━━ INFORMATION ━━

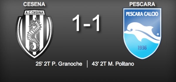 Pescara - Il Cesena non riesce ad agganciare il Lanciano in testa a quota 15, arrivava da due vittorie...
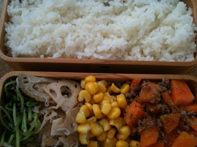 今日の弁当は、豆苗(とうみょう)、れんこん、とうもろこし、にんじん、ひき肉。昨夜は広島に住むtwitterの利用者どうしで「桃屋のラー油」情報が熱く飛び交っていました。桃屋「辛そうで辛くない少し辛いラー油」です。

━━━
━━ INFORMATION ━━

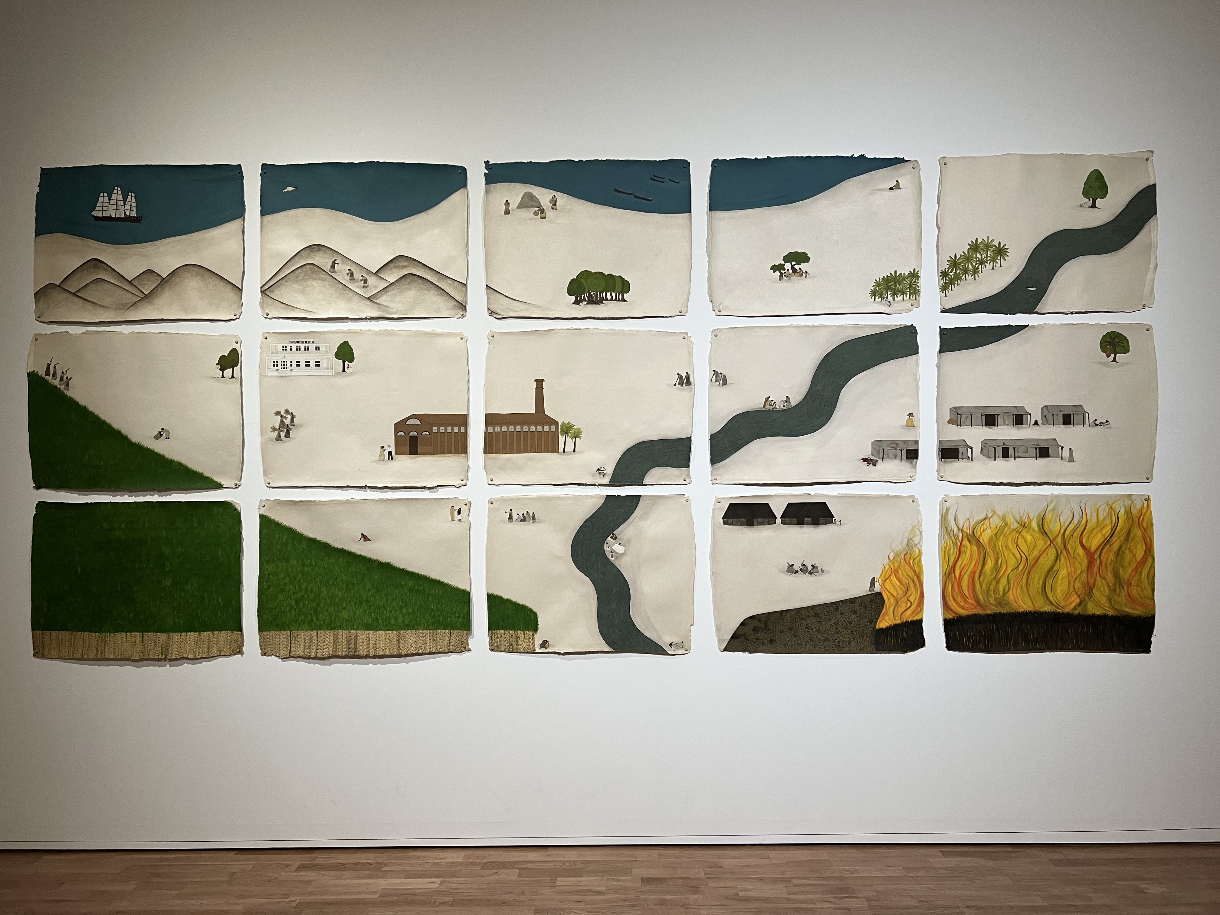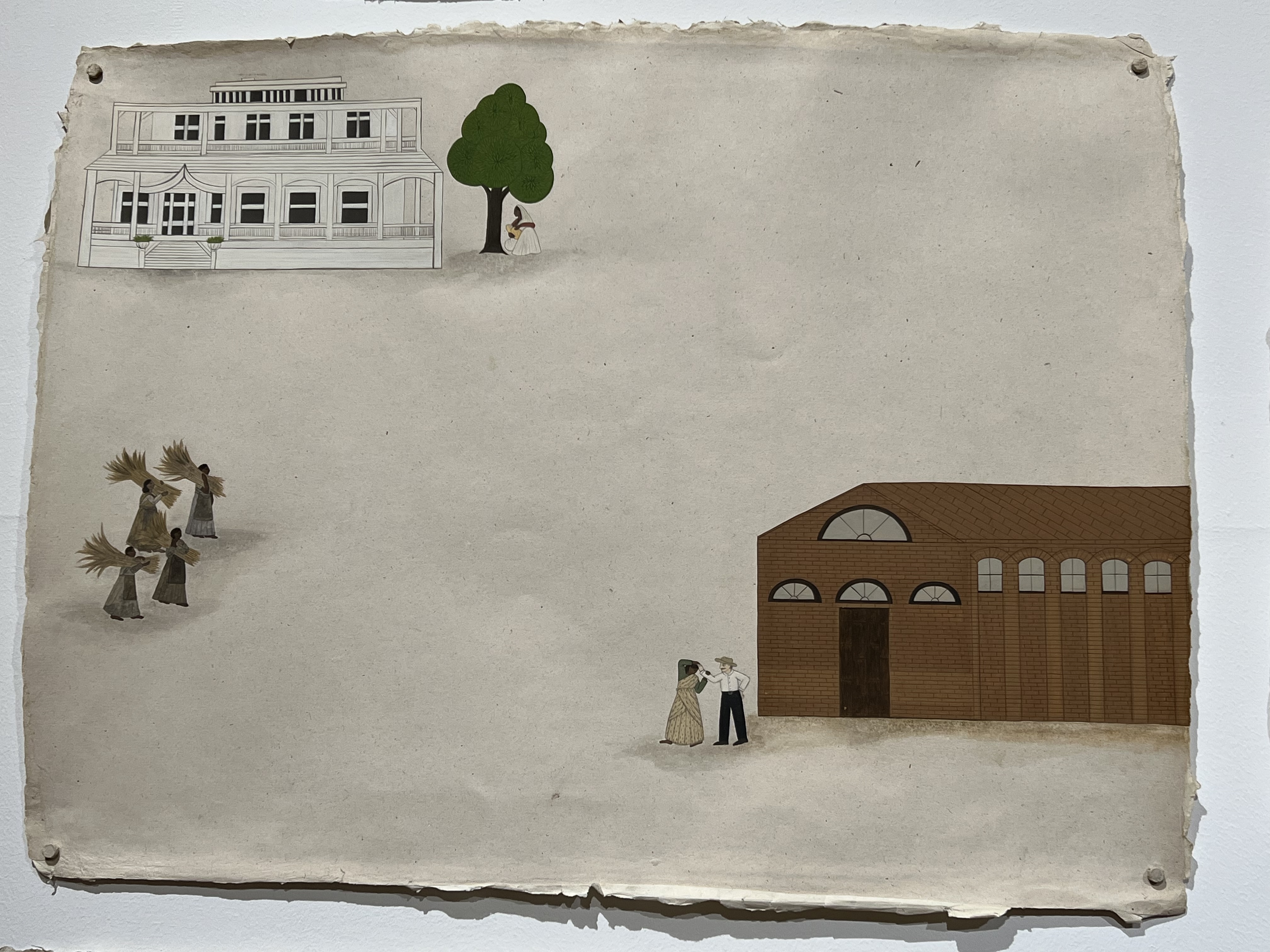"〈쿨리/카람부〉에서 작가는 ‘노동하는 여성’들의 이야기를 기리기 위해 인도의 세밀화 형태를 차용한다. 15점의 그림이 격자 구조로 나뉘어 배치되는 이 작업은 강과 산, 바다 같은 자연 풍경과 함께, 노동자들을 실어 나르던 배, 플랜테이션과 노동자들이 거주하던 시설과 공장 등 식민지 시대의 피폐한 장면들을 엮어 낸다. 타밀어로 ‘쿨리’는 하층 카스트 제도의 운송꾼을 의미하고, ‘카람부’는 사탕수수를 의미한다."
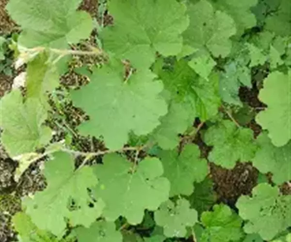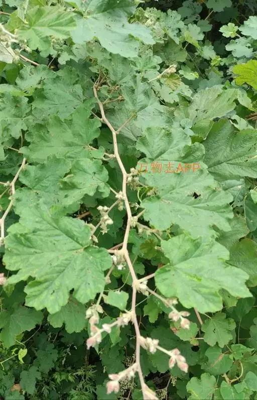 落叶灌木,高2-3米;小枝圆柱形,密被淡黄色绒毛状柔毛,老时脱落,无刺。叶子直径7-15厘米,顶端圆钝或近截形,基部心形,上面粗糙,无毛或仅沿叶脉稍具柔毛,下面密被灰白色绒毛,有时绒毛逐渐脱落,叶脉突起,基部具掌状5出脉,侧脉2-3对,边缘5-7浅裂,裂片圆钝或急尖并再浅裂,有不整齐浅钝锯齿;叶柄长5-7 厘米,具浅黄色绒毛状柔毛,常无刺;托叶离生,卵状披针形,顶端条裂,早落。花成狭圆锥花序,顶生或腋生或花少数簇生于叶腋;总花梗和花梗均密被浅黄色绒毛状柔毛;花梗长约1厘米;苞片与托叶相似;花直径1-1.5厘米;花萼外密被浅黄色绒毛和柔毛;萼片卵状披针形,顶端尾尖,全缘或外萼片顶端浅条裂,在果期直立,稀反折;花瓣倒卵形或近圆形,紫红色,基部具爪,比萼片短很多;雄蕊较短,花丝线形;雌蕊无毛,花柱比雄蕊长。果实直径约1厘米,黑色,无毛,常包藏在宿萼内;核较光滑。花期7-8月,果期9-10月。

━━━

Given the listing above, repeat exactly the lines starting at the one with "Pescara - Il" and ending at the one with "今日の弁当は、豆苗(とうみょ", inclusive, excluding pictures.

WORKED SOLUTION:
 Pescara - Il Cesena non riesce ad agganciare il Lanciano in testa a quota 15, arrivava da due vittorie...
 今日の弁当は、豆苗(とうみょう)、れんこん、とうもろこし、にんじん、ひき肉。昨夜は広島に住むtwitterの利用者どうしで「桃屋のラー油」情報が熱く飛び交っていました。桃屋「辛そうで辛くない少し辛いラー油」です。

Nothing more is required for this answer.